» Work required
Every line from the one with "작년에도 석유화학 회사들의" through the end of the entries below must be retyped exactly, and only those lines. The pictures are not part of the copy.

» Input for this task

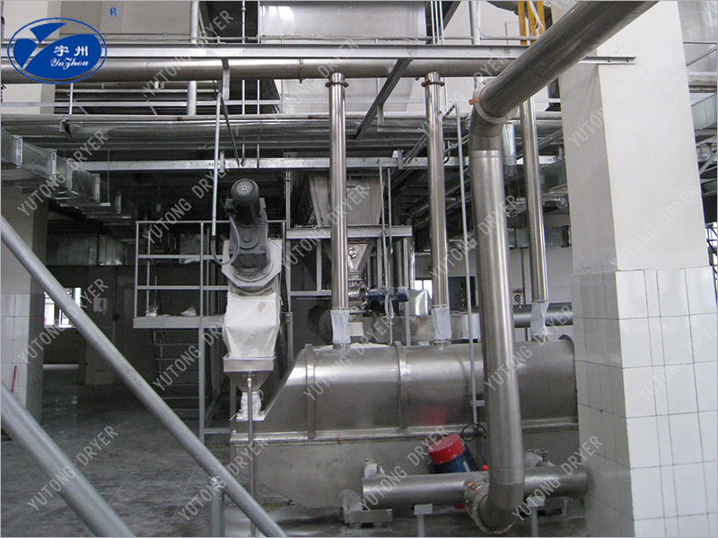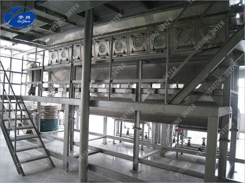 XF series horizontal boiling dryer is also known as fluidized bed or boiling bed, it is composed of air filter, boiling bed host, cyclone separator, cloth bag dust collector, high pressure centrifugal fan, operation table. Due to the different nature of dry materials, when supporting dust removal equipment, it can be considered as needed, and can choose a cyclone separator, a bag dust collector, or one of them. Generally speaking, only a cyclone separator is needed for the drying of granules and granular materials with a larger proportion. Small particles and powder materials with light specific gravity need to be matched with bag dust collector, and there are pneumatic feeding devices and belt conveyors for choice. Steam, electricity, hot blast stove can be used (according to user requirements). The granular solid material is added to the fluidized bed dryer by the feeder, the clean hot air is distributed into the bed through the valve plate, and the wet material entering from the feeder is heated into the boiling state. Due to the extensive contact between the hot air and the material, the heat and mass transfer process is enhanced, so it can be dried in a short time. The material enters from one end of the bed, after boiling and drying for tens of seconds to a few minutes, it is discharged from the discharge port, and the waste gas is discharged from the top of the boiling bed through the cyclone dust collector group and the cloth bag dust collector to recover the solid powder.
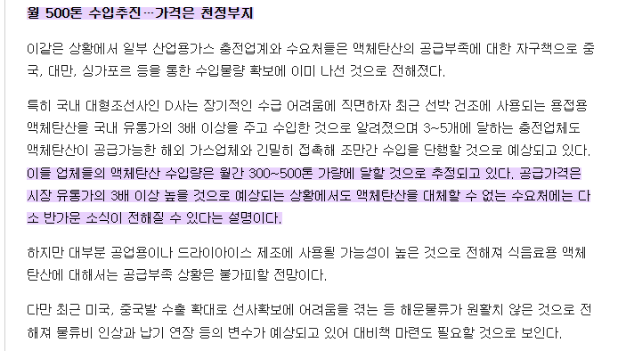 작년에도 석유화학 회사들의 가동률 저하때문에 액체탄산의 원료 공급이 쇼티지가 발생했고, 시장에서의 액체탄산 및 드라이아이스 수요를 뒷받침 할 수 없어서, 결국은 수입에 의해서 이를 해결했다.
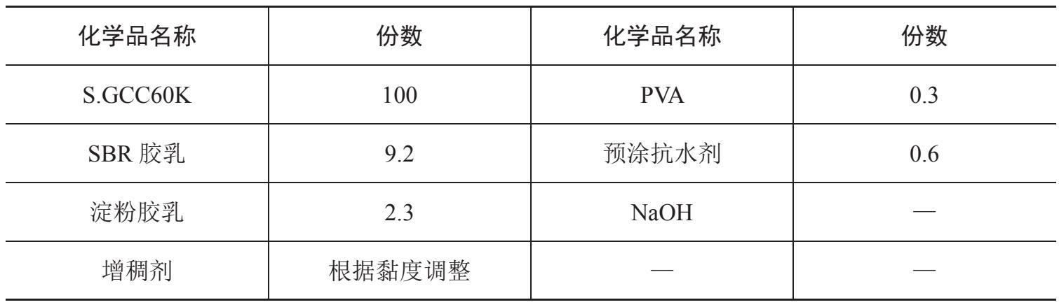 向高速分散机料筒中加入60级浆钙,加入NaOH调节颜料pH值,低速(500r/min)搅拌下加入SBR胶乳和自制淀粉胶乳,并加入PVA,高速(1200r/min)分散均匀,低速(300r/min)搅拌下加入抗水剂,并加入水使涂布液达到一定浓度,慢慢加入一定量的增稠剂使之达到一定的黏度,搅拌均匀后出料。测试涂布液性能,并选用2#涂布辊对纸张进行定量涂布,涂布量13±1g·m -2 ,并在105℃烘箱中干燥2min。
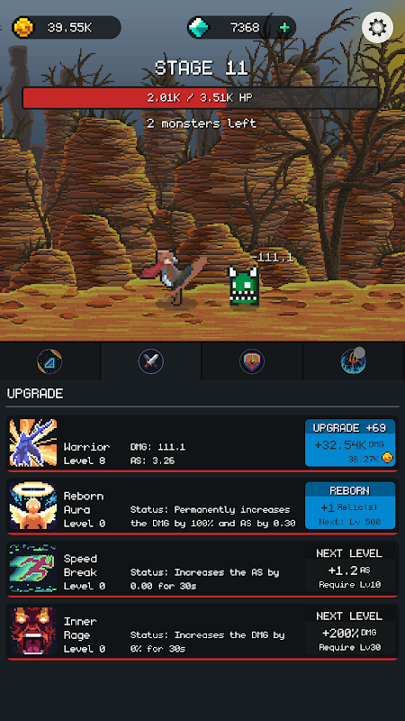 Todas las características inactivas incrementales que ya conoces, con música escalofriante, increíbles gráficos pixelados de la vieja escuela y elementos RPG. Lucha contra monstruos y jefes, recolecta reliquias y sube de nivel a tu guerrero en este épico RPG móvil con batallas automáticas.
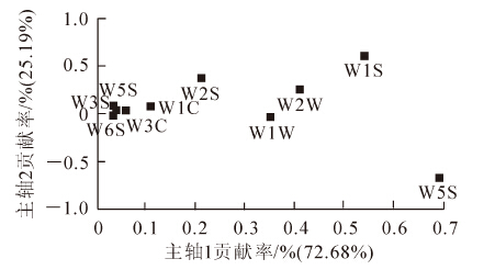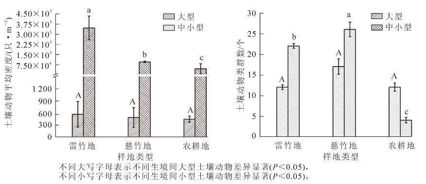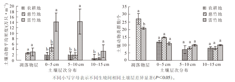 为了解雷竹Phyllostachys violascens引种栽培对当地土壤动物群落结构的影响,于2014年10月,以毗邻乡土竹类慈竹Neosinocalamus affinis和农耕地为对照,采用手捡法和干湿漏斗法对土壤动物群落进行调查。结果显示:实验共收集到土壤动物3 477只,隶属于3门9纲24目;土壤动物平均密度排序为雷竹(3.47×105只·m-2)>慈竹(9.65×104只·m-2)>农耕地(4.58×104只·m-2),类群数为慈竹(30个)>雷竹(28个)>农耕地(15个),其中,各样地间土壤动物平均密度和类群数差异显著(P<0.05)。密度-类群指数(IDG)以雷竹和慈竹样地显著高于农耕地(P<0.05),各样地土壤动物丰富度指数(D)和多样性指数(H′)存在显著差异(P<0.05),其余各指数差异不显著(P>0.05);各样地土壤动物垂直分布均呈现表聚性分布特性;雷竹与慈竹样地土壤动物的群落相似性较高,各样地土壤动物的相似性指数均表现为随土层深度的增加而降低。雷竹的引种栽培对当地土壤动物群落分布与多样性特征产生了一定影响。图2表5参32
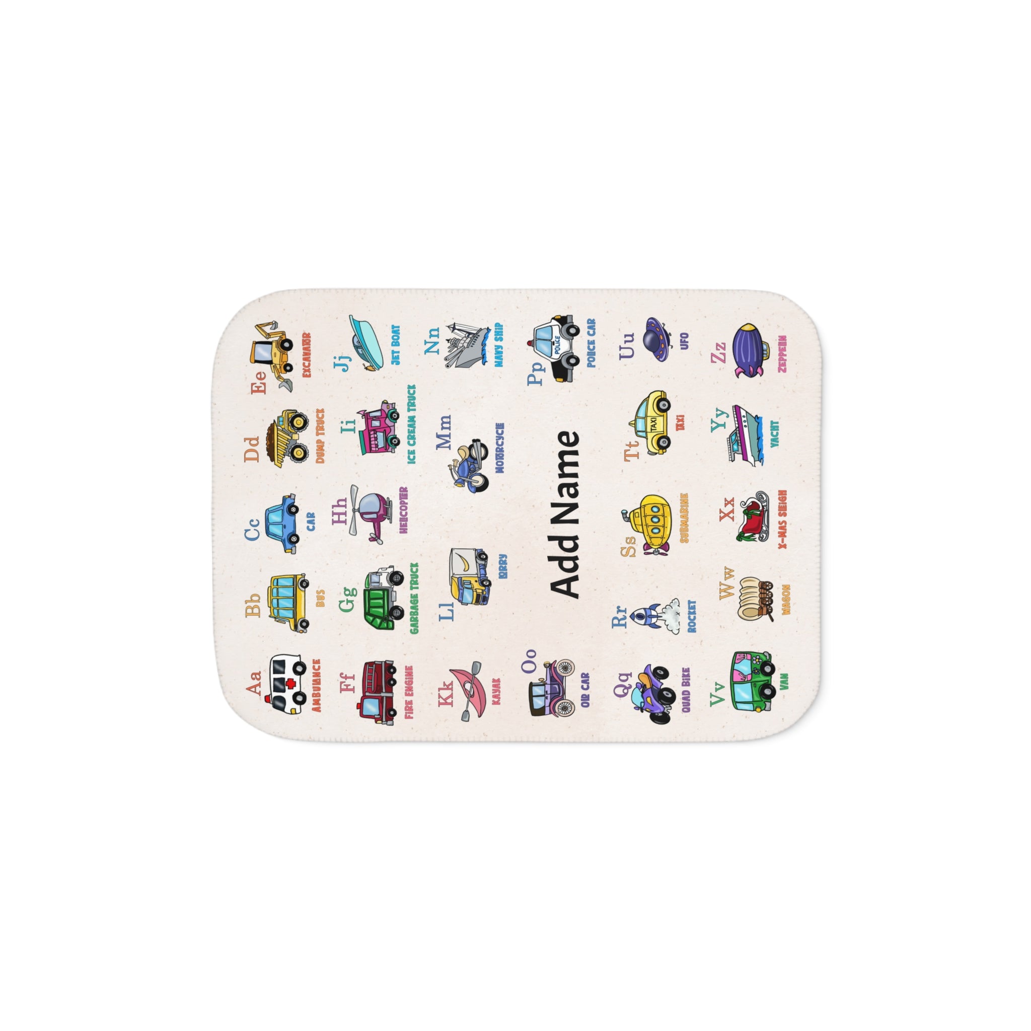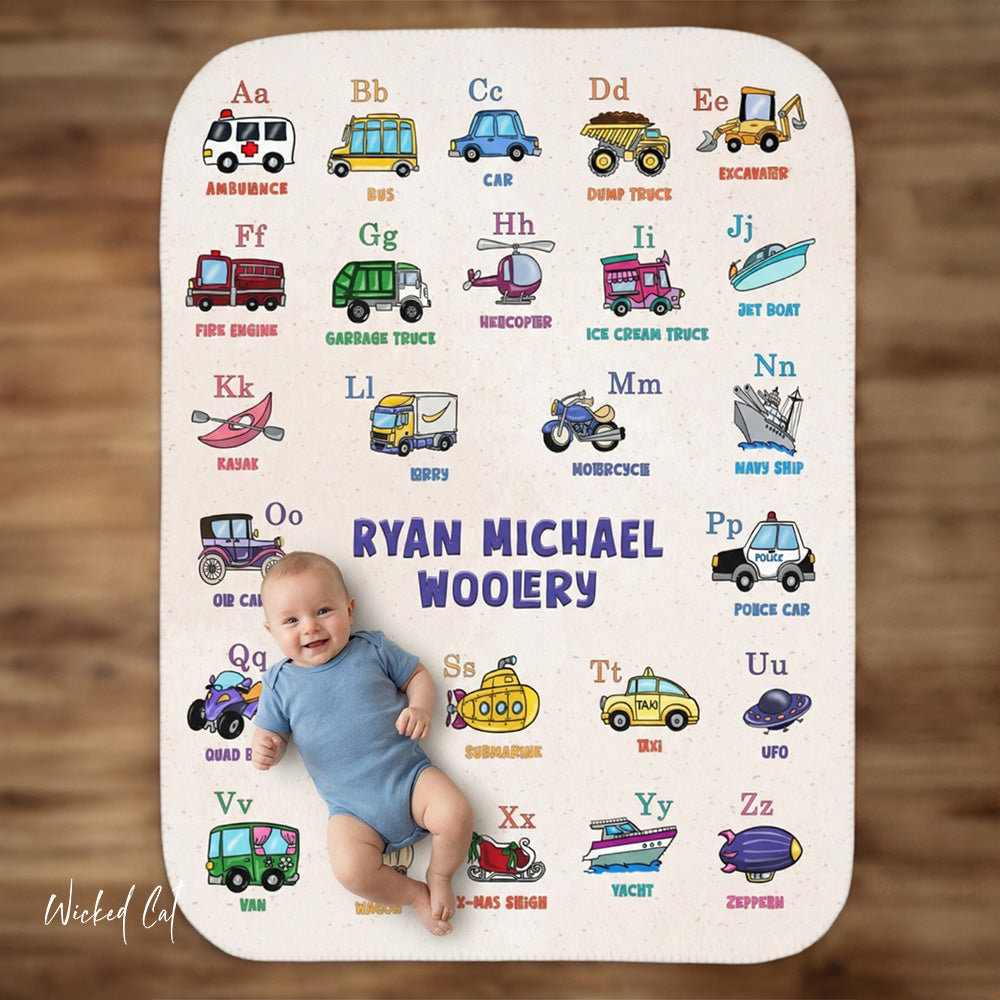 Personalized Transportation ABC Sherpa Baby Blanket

» Answer section
 작년에도 석유화학 회사들의 가동률 저하때문에 액체탄산의 원료 공급이 쇼티지가 발생했고, 시장에서의 액체탄산 및 드라이아이스 수요를 뒷받침 할 수 없어서, 결국은 수입에 의해서 이를 해결했다.
 向高速分散机料筒中加入60级浆钙,加入NaOH调节颜料pH值,低速(500r/min)搅拌下加入SBR胶乳和自制淀粉胶乳,并加入PVA,高速(1200r/min)分散均匀,低速(300r/min)搅拌下加入抗水剂,并加入水使涂布液达到一定浓度,慢慢加入一定量的增稠剂使之达到一定的黏度,搅拌均匀后出料。测试涂布液性能,并选用2#涂布辊对纸张进行定量涂布,涂布量13±1g·m -2 ,并在105℃烘箱中干燥2min。
 Todas las características inactivas incrementales que ya conoces, con música escalofriante, increíbles gráficos pixelados de la vieja escuela y elementos RPG. Lucha contra monstruos y jefes, recolecta reliquias y sube de nivel a tu guerrero en este épico RPG móvil con batallas automáticas.
 为了解雷竹Phyllostachys violascens引种栽培对当地土壤动物群落结构的影响,于2014年10月,以毗邻乡土竹类慈竹Neosinocalamus affinis和农耕地为对照,采用手捡法和干湿漏斗法对土壤动物群落进行调查。结果显示:实验共收集到土壤动物3 477只,隶属于3门9纲24目;土壤动物平均密度排序为雷竹(3.47×105只·m-2)>慈竹(9.65×104只·m-2)>农耕地(4.58×104只·m-2),类群数为慈竹(30个)>雷竹(28个)>农耕地(15个),其中,各样地间土壤动物平均密度和类群数差异显著(P<0.05)。密度-类群指数(IDG)以雷竹和慈竹样地显著高于农耕地(P<0.05),各样地土壤动物丰富度指数(D)和多样性指数(H′)存在显著差异(P<0.05),其余各指数差异不显著(P>0.05);各样地土壤动物垂直分布均呈现表聚性分布特性;雷竹与慈竹样地土壤动物的群落相似性较高,各样地土壤动物的相似性指数均表现为随土层深度的增加而降低。雷竹的引种栽培对当地土壤动物群落分布与多样性特征产生了一定影响。图2表5参32
 Personalized Transportation ABC Sherpa Baby Blanket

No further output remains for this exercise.